I try to avoid pedantic talk about appreciating the options that I never had. That other kids don’t have. I think about how much work parents all over must be doing to try and anticipate the things that will edify their kids, that their kids will do without resistance, how much time mothers spend researching the activities, filling the grocery cart with things they hope their kids eat. That it’d be great if mothers didn’t have to do all the work of removing 99% of the noise. If there were just fewer decisions to make, we’d all be so much better off, but the spigot just keeps on running.
Recommendations for the kids:
To wear: These Smartwool socks for kids are the cutest. These Bombas Valentine’s Day sock packs are also very cute.
To do: Socrates Sculpture Garden and the Noguchi Museum are having a light sculpture workshop and Lunar New Year celebrations this Saturday, 2/5.
To make: Depending on your level of aspirational/DIY, this Kids Made Modern Valentine’s Craft set is a good starter kit for this Hallmark holiday
Brooklyn parents: Ada has loved the after school program and mini camps at Textile Arts Center: weaving, sewing, marbling, soft sculpture, dying. It’s the crafting of my dreams.

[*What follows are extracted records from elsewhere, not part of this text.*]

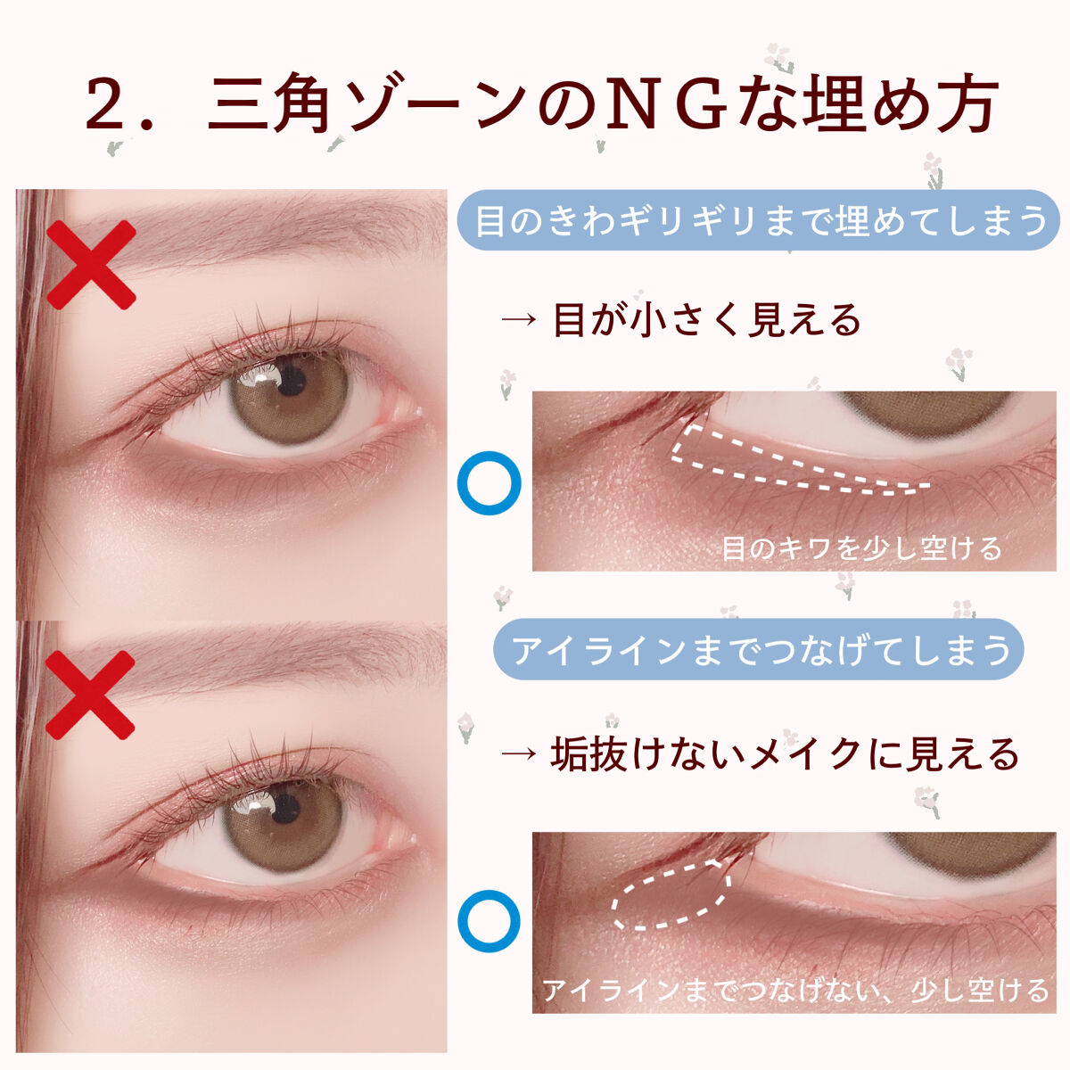 三角ゾーンにぴったりなやつ見つけた! プランぷくコーデアイズのラインを引くカラー+チップがラインを引くには太すぎるし色が合わない(個人的に) チップの太さ、柔らかさも絶妙だし色も粘膜っぽいから本当に使える!!! 粘膜っぽくキワに引くのも◎ 使い道に困っている方(いないかも)ぜひやってみてください♡
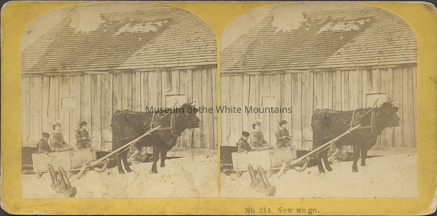 Black and white image of a bull pulling a sleigh with people in it. A barn and yoke is in view. Caption reads, "Now we go." Back Description: Plain
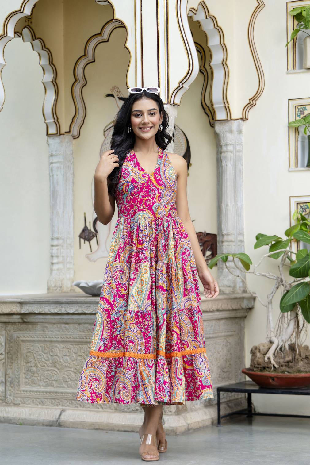 The outfit showcases a beautiful paisley pattern, giving it an elegant and timeless appeal. This overall pattern enhances the aesthetics of the gown, making it suitable for various occasions. This dress can be an ideal choice whether it is a lunch outing or a festive celebration. You can accessorise it with statement jewellery to accentuate your fashion game.
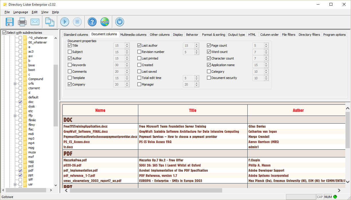 Another set of columns you can print is for Microsoft Office files (DOC, DOCX, XLS, XLSX, PPT, PPTX) so you can see document title, author, keywords etc. without opening these files one after another.
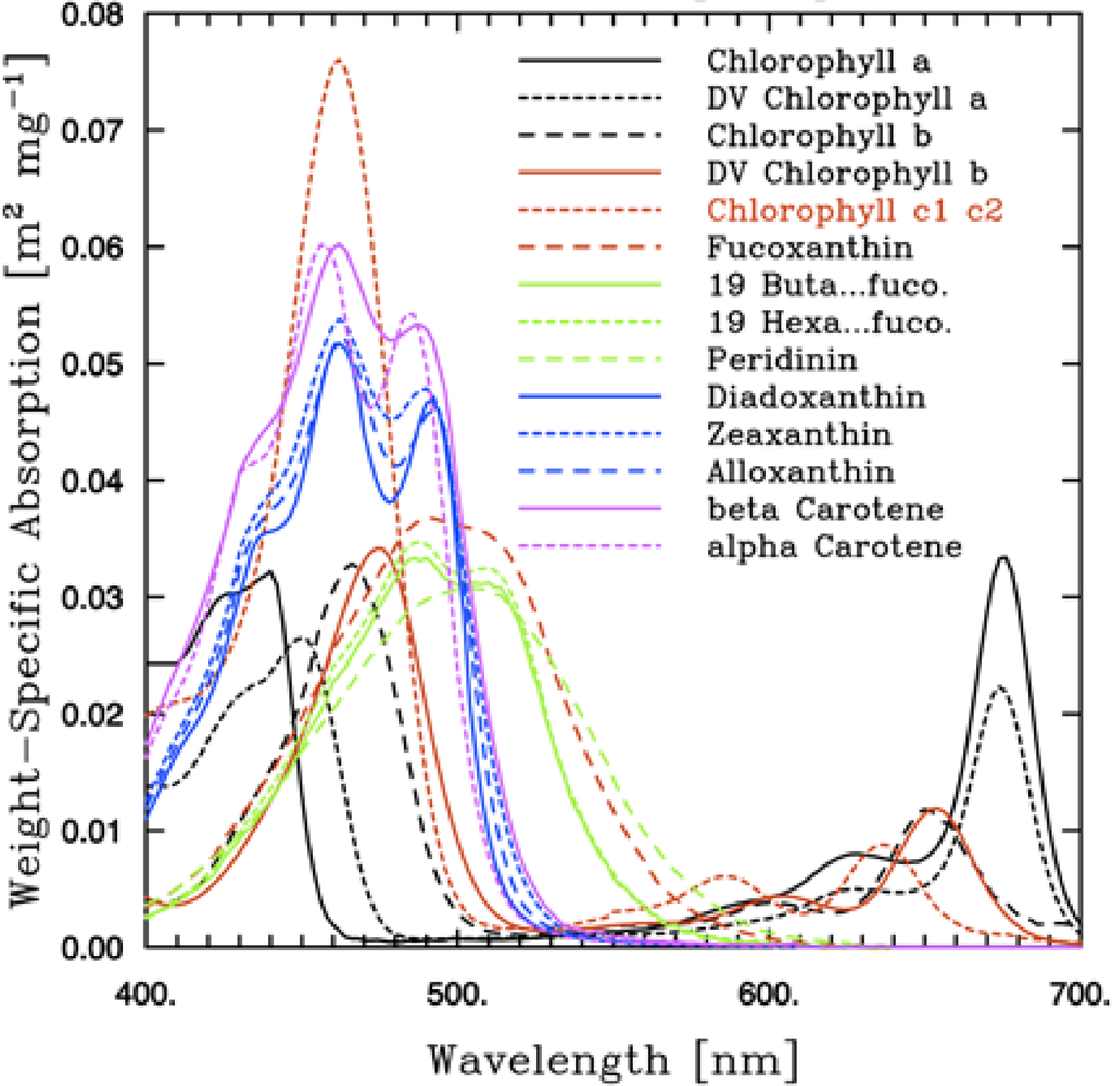 , derived from measuring the absorption spectra of individual pigments in solvent and shifting the maxima of the spectra according to the method described by Bidigare et al. []. The spectra were generated using data published by Annick Bricaud [].
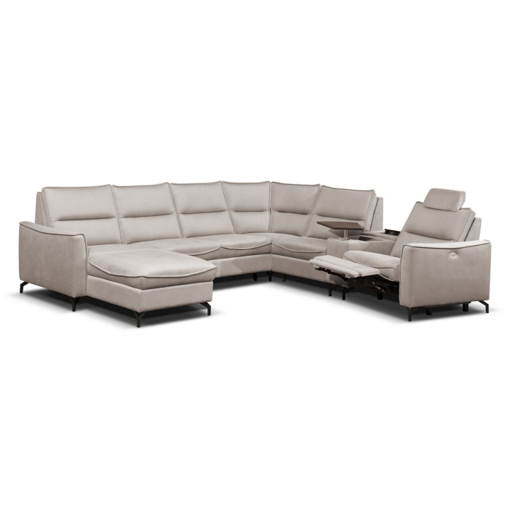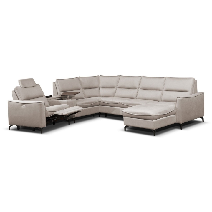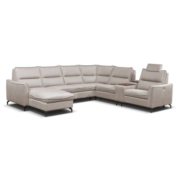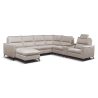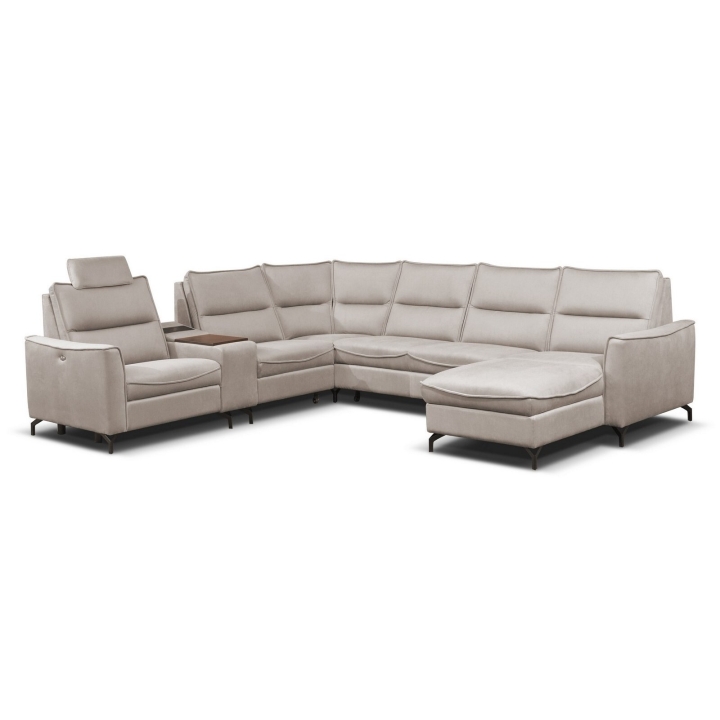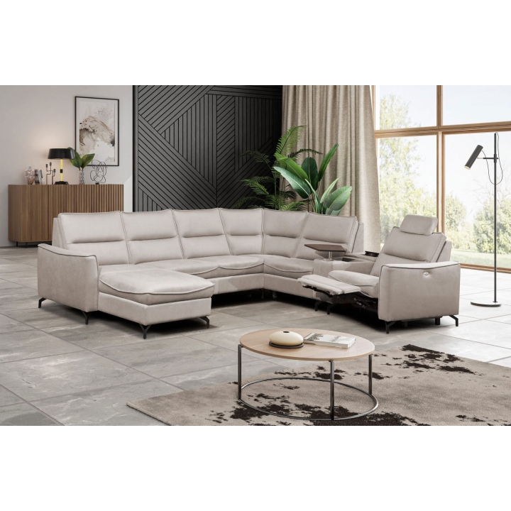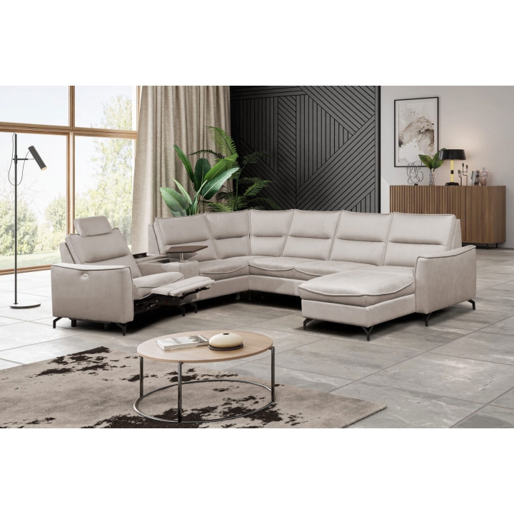 The furniture consists of the following modules: recliner OT(P) with a bedding container, two-seater module with sleeping function 2F, R (corner) module, 1- module with a container, BR LUX bar que and 1E(L) armchair module with electric relaxation and headrest. The design of the corner sofa also makes it possible to create other configurations from elements of the Cristal collection, available in different widths, with manual or electric relaxation, with or without a sleeping function. To create a new configuration, please contact our customer advisor.
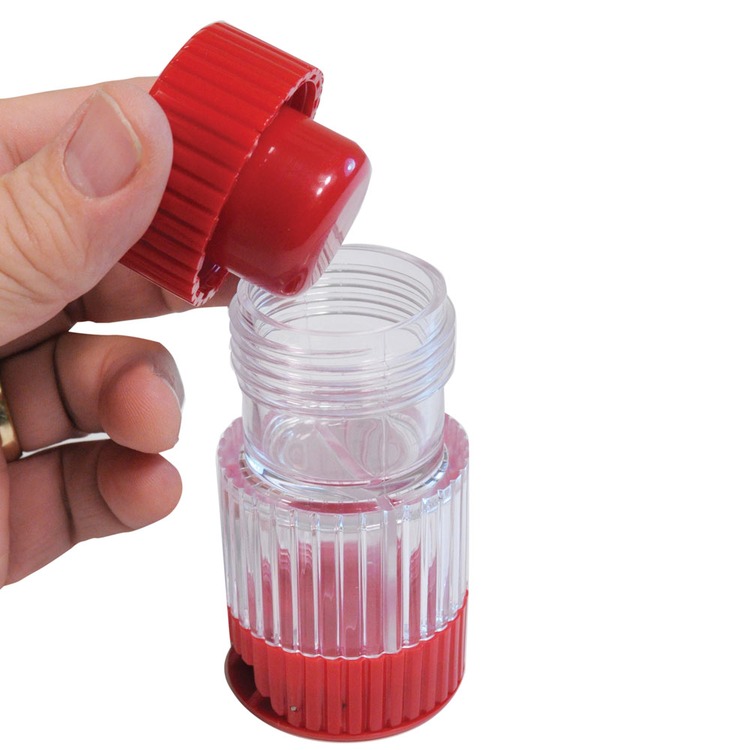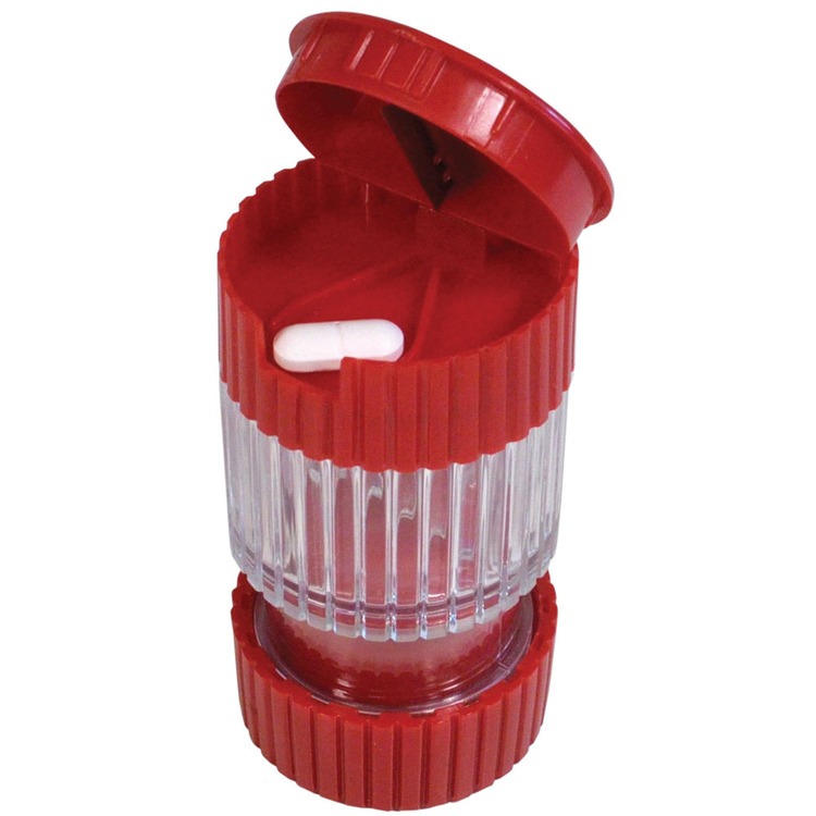This handy device is divided into 3 sections and is an ideal tablet aid with multiple tools in one compact, easy-to-clean unit that will take up very little space in a pocket or bag. Simply lift the hinged lid, pop in a pill and close the lid to cut or split the pill. Unscrew the base, insert a tablet, then screw the base in again to crush the pill into a powder. On removing the lid you will find compartments to store your pills and tablets.
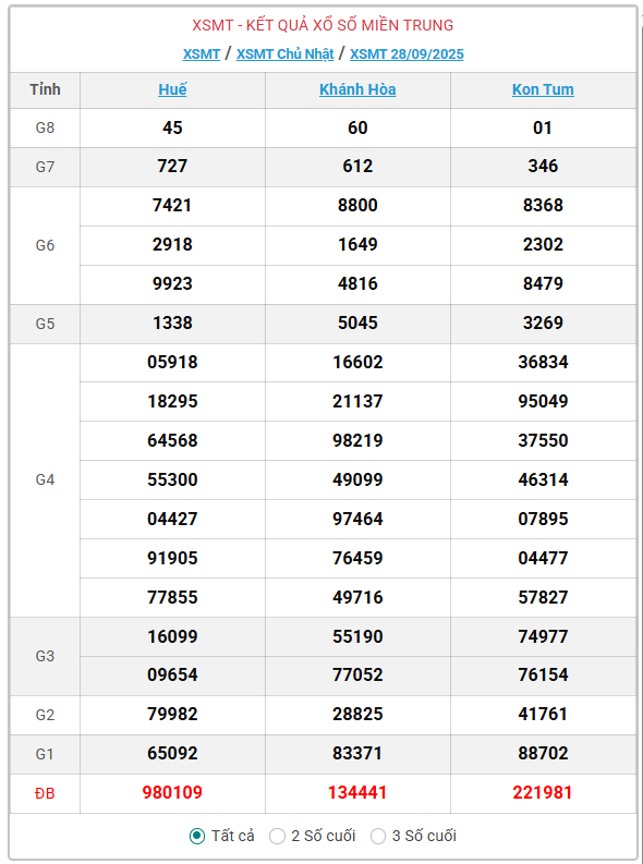 Chủ Nhật: Kết thúc tuần, XSMT được quay tại ba đài Kon Tum (XSKT), Khánh Hòa (XSKH) và Thừa Thiên Huế (XSTTH).

Recommendations for the grown-ups:
Listen: Chameleon: Wild Boys is the real life podcast mystery you’ve been waiting for, with new episodes dropping each week. Set in a small Canadian community, two brothers emerge from wilderness and claim they’ve lived entirely off the grid and eat copious amounts of fruit. But who are they really?
To eat: This Bi-Rite x Bittman citrus box is calling my name.
To cook: Dduk Guk is the traditional Korean rice cake soup I grew up eating on the Lunar New Year. I also love Hana Asbrink’s other Korean-ish recipes on Food52.
Heartwarming: This video of David Byrne singing One Fine Day with the Brooklyn Youth Chorus at National Sawdust in 2019.
Read/Watch: Amanda Hess’s piece, “Mommy is Going Away for a While,” on the “antiheroine of the moment,” the mother who leaves, with protagonists like Olivia Colman’s character in “The Lost Daughter.” In this vein, also recommend “Run,” the 2020 HBO show about a mother who flees her family and spends a week on cross-country train trip reuniting with her ex, and “Scenes from a Marriage.”
Happy Lunar New Year to those celebrating, and happy mid-winter to everyone else. The groundhog says there will be more winter, but who’s to believe him.